The University’s annual Summer College marks 10th anniversary.

August 2016 – Eighty high school students from Newark, N.J. and New York City took classes, met mentors and lived on campus as part of Drew University’s annual Summer College program.

Drew professors work closely with students from Newark.
Drew professors work closely with students from Newark.

Summer College gives teenagers from cities the chance to spend a week in The Forest and take a full schedule of classes. About 600 students have participated in the program since it began in 2006, according to Wendy Kolmar, an English professor who runs it.

Summer College is funded this year by the Salter Foundation (which was founded by Drew Trustee De’Andre Salter C’92), the Teagle Foundation and TD Bank.

Students enter the program through community partners such as the Marion Bolden Student Center in Newark, N.J., Harlem Educational Activities Fund, Union Settlement Association in East Harlem and RU Ready for Work in Newark.

Isha Serrano, a senior at A. Philip Randolph Campus High School in Harlem, enrolled because she “wanted to experience college life, and get used to it, before going.” Her favorite class? Public Speaking, taught by Rodney Gilbert of the theatre arts department.

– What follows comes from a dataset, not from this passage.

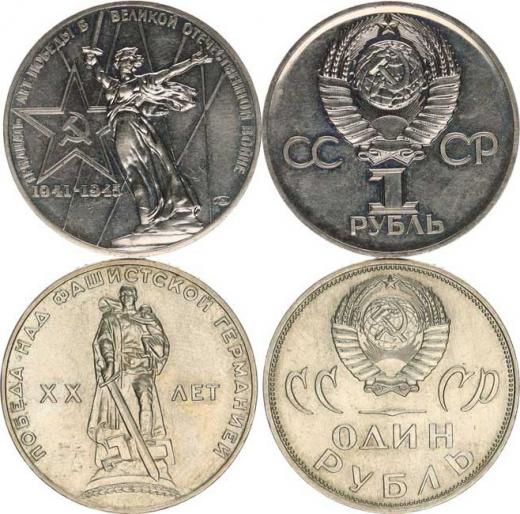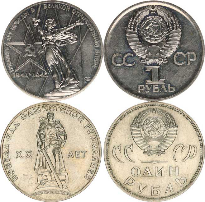 1 Rubl 1965 - 20. výr. porážky fašizmu Y. 135,1 1 Rubl 1975 - 30. výr. porážky fašizmu Y. 142,1 2 ks

Gilbert taught students breathing exercises to help them conquer the one- to three-minute speeches they wrote. The students also worked on cooperation, following directions and mastering skills through repetition—all keys to a successful academic career, Gilbert said.

Teens learn new skills and see themselves as college students.
Teens learn new skills and see themselves as college students.

Gilbert enjoys witnessing the students’ growth during the intensive week of learning and exploring new things. “You can see the possibility and hope in their eyes,” he said, adding that instilling a desire to go to college in high school students—and the confidence that they can succeed at it—is crucial.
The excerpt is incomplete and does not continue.